Dev Notebook March 22nd 2019: Team Meeting with Nolan Chancellor, Tim Watson, and Michael Dingess

We met at The Science Library as scheduled. We checked the useful information we found online and tried to download them and see whether we can run them in our own laptop. Michael could download and successful run super resolution prepackaged machine learning model on his Linux environment laptop. But he also met some tricks need to be figured out when he back home.

Dev Notebook April 4th 2019: Team Meeting with Nolan Chancellor, Tim Watson, and Michael Dingess

We met at The Science Library to talk about our current codes for our project. We have already gotten prepackaged super resolution machine learning model. What we need to do next is use training data to train out super resolution machine learning model.

Dev Notebook April 14th 2019: Team Meeting with Tim Watson, and Michael Dingess

We met at the basement of William Young T. Library to work on our Coding Assignment Presentation. Since Nolan was sick, he could not come to our meeting at that time. I created the slides and we edited it based on what we were working on and implemented. We left the part of metrics to Nolan so that he would have a part to work on and to speak during presentation.

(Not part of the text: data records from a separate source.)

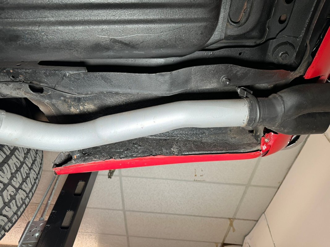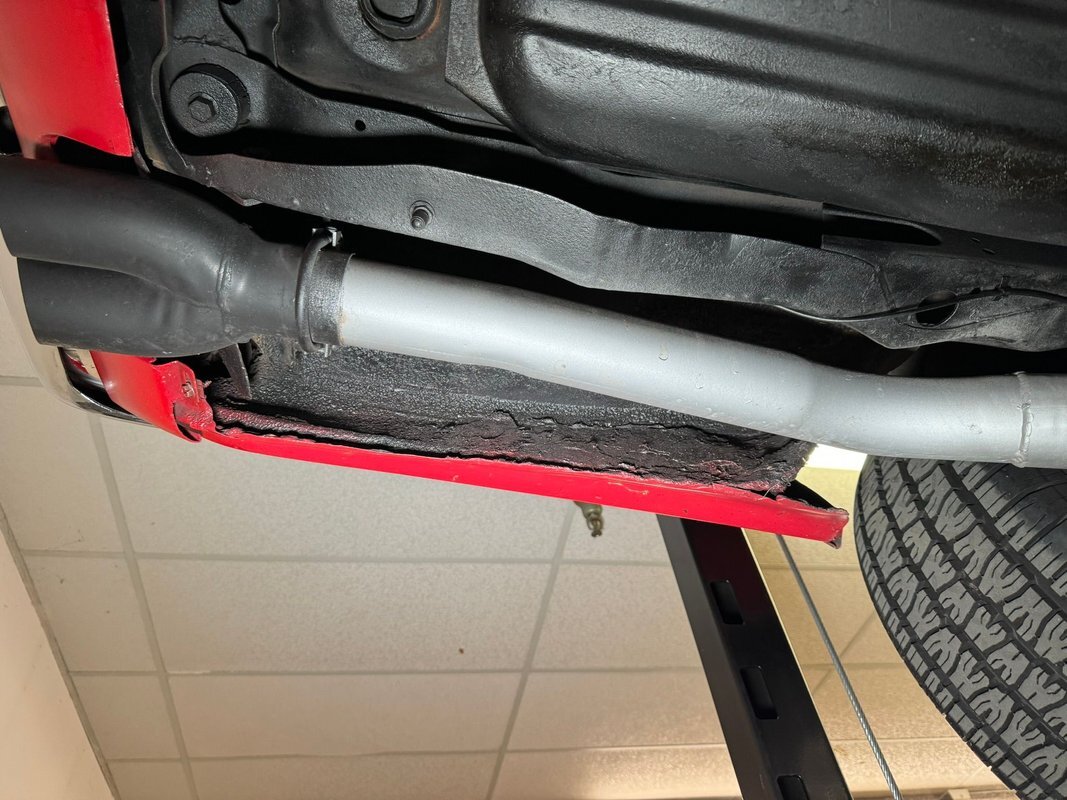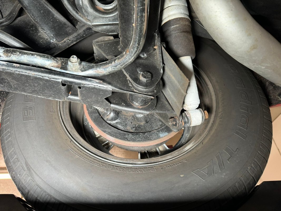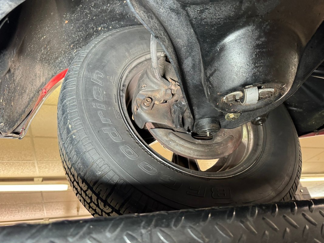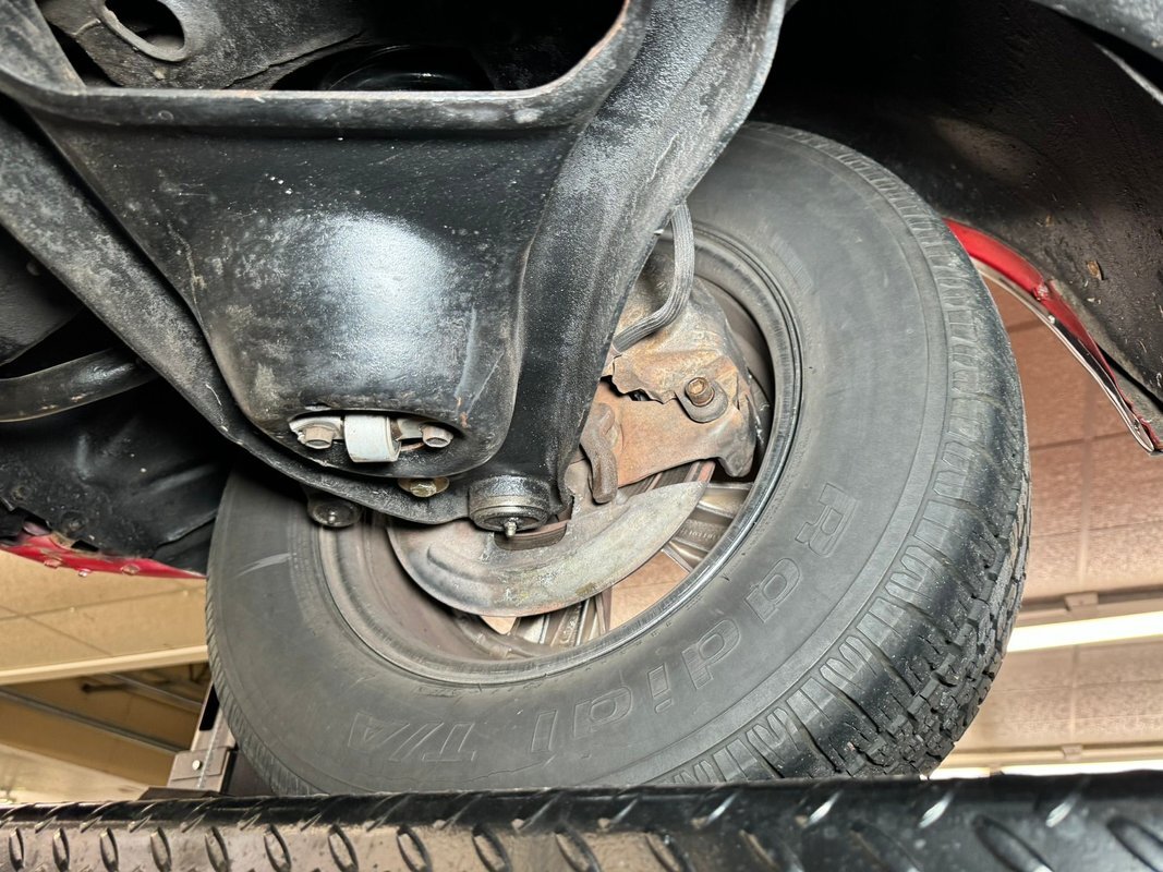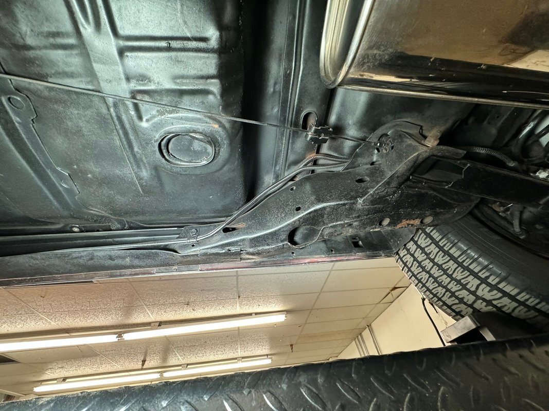 Give this car a lift and we are met with independent front suspension and 4-link rear suspension. Eaton coil springs are now on. A button controlled solenoid runs the line lock. Power disc braking is upfront, and power drums are on back. All of this is supported by a strong steel frame with just pure black paint and no rust or even road dirt.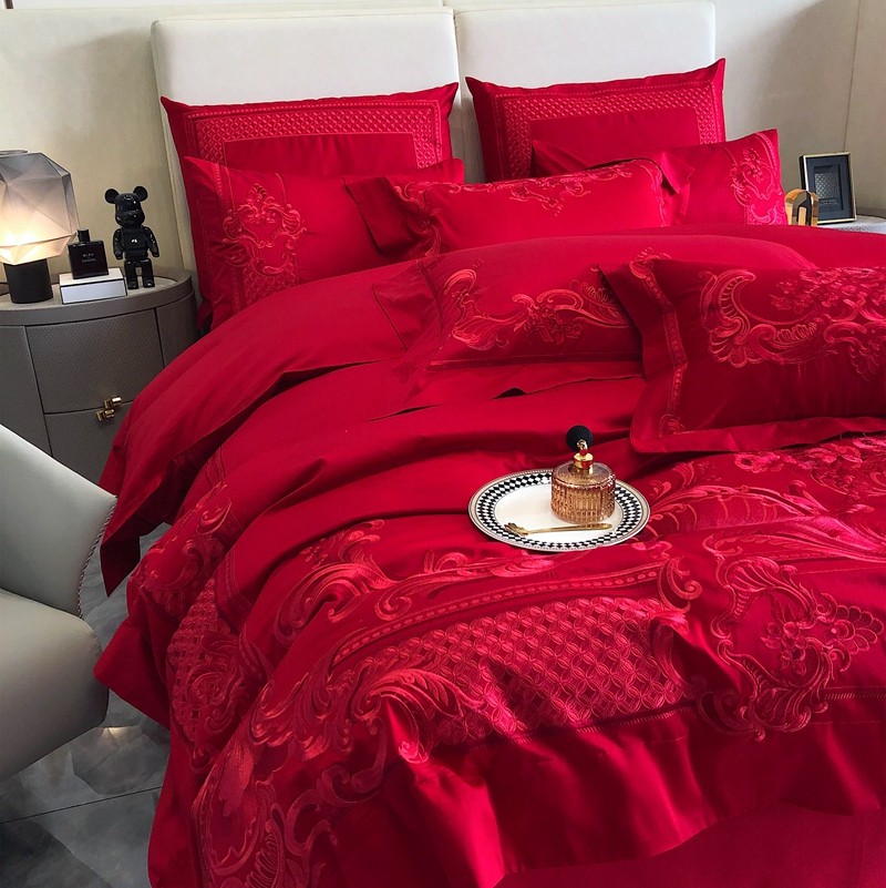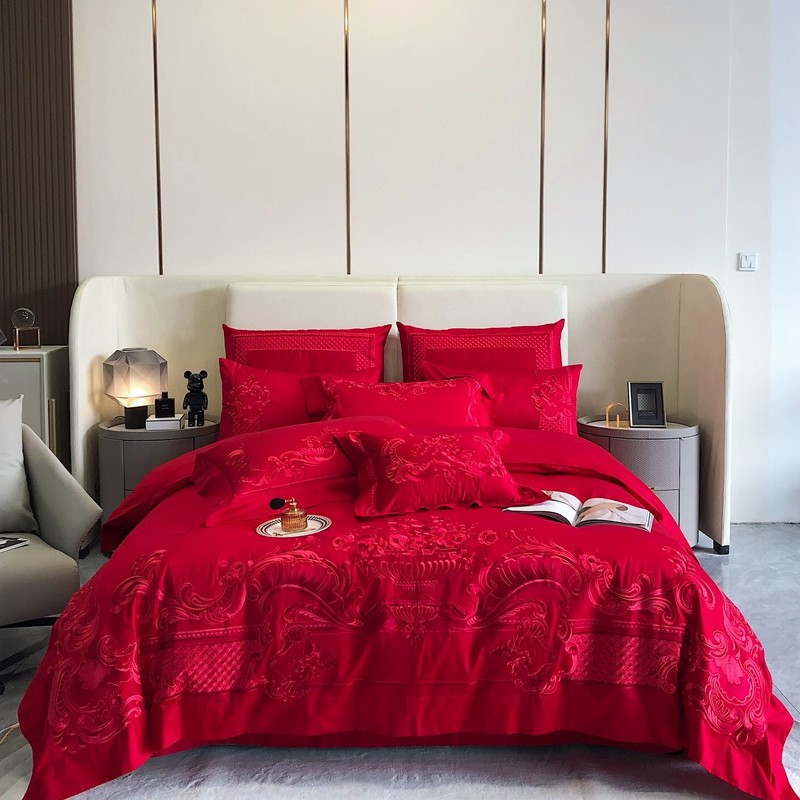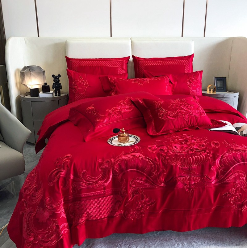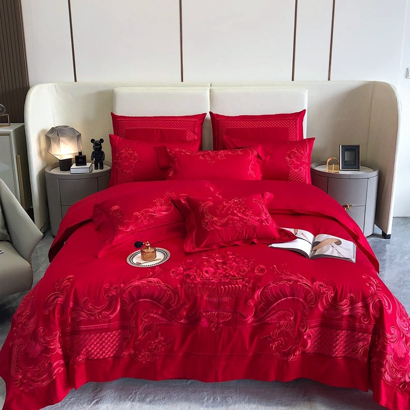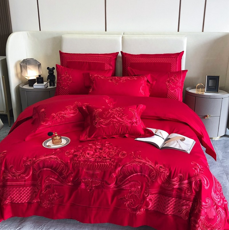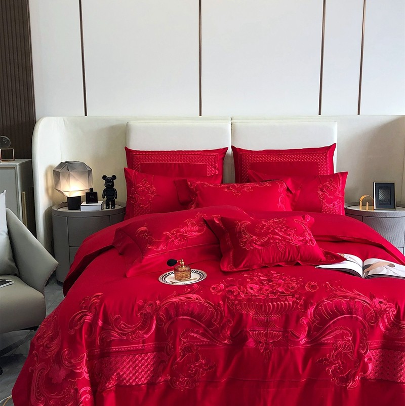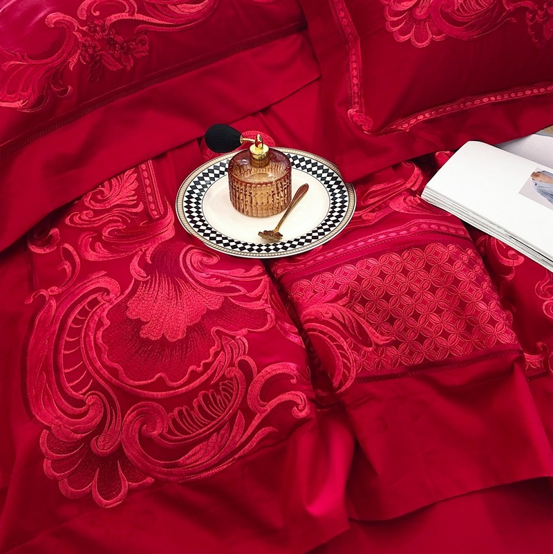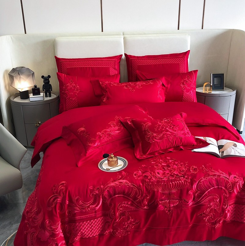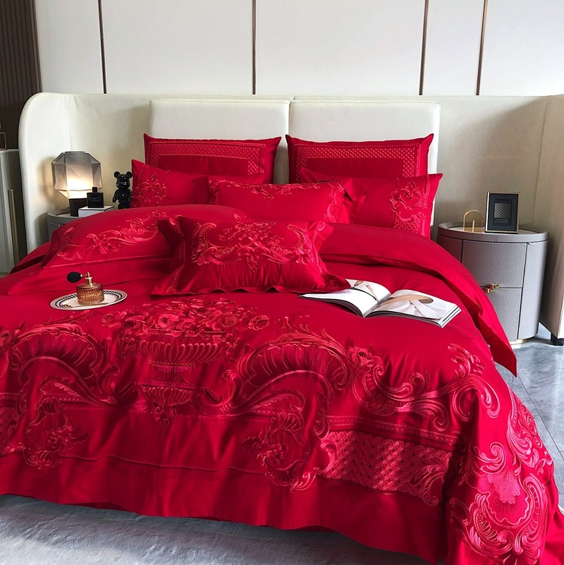 馨蕊家居2022新款140S全棉长绒棉刺绣婚庆四件套繁花似锦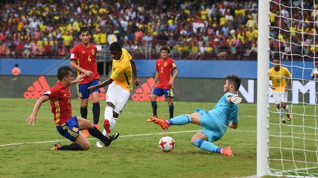 Uma grande defesa de Brazão logo aos 3 minutos e um gol contra de Wesley no lance seguinte. O início do Brasil no Mundial Sub-17 foi preocupante, mas o time não se desesperou diante da Espanha e foi buscar a virada. Lincoln, do Flamengo, deixou tudo igual, e o vascaíno Paulinho fez 2 a 1 nos acréscimos do primeiro tempo para garantir uma estreia com vitória para a seleção brasileira, contra o principal adversário da primeira fase.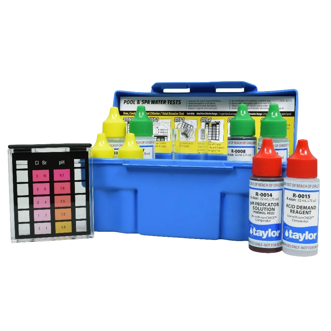 Taylor Technologies® 6-Way Test Kit for Free Chlorine, Total Chlorine, Bromine, pH, Alkalinity - 0.75 oz bottles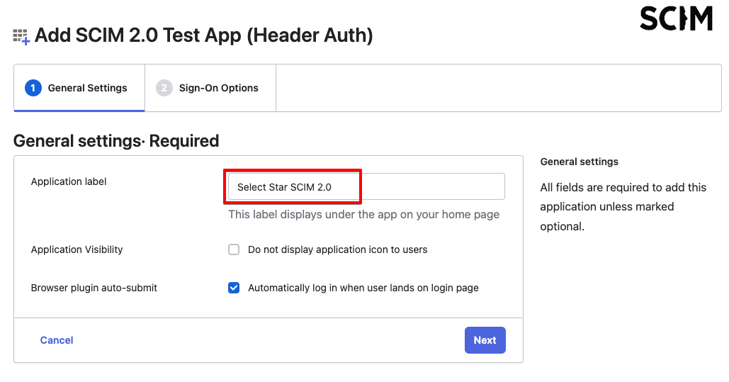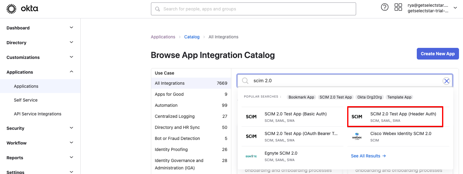 1. Add the SCIM 2.0 (Header Auth) App from the Okta Application Catalogue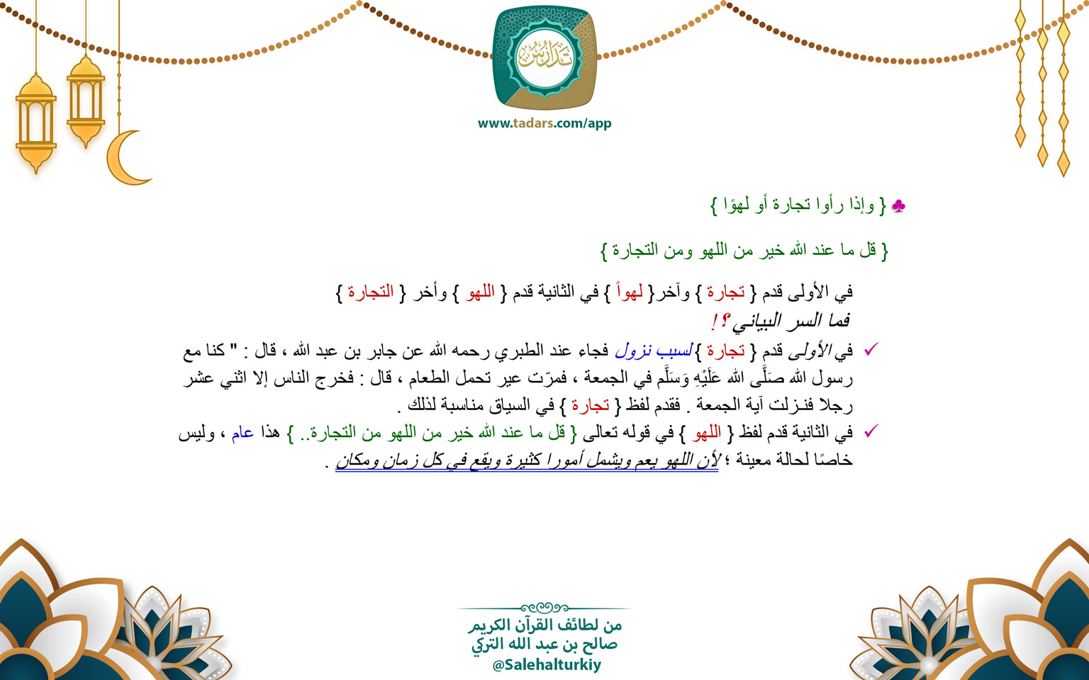{ قل ما عند الله خير من اللهو ومن التجارة }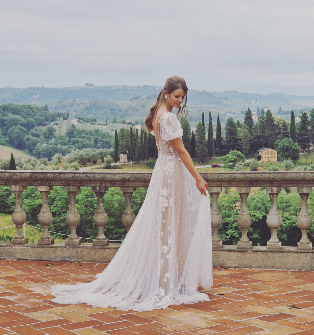 Offrez-vous une élégance intemporelle avec notre robe de mariée C2024-SSU5. Les manches courtes bouffantes ajoutent une touche de fantaisie, tandis que la silhouette fourreau accentue votre silhouette. La traîne amovible ajoute de la polyvalence pour un look personnalisable. Dites « oui » avec style et grâce avec cette robe #luxueuse.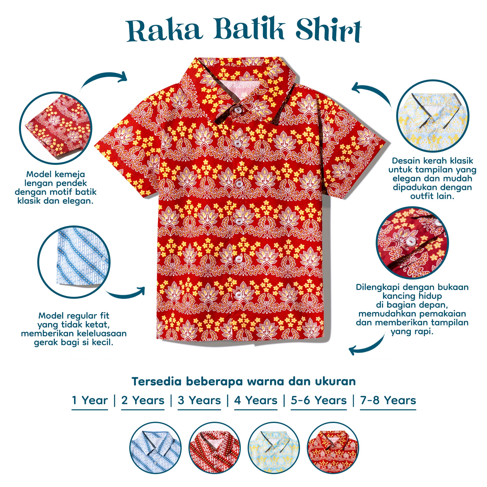 Raka Batik Shirt Kids adalah pilihan tepat untuk si kecil tampil rapi di berbagai acara spesial maupun sehari-hari.  Kemeja Batik berlengan pendek dengan desain modern yang dipadukan motif batik klasik menawan. Menjadikan penampilan anak tampak rapi, manis, dan stylish berbudaya.  Ideal digunakan untuk acara keluarga, pesta, sekolah, Hari Batik Nasional, atau bahkan dipakai santai saat jalan-jalan.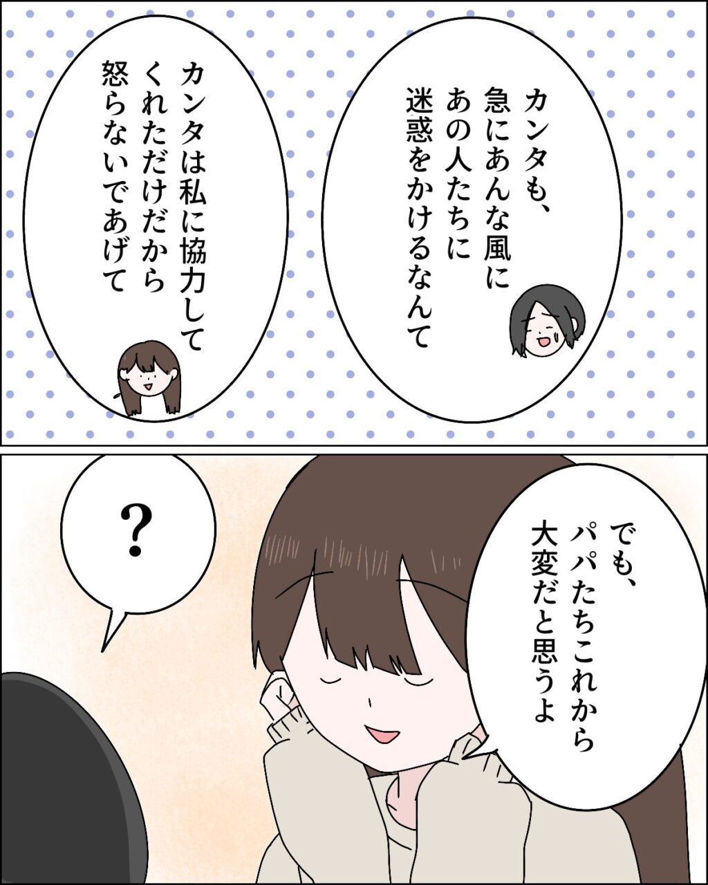 「カンタも、急にあんな風にあの人たちに迷惑をかけるなんて」普段の姿からは想像できない行動に驚いたと話すリナさんに、ジュリちゃんは「カンタは私に協力してくれただけだから怒らないであげて」と言いました。そして少し考えるように視線を落とすと、「でも、パパたちこれから大変だと思うよ」とつぶやきました。

For our project, our planned architecture design was using two models. One of them is OCR optimizing machine learning model, which is used to increase the accuracy of output image. The other one is Super-Resolution machine learning model, which is used to improve the resolution of output image. And the process was our application was given a compressed image, then user chooses one of these models to run, and finally the improved image would be saved to local system.

But something has changed. Our implemented architecture design only includes Super-Resolution machine learning model since our limited time and running for a machine learning model costs several days to finish. Our process would keep almost same except users would not have a choice to run with OCR optimizing machine learning model.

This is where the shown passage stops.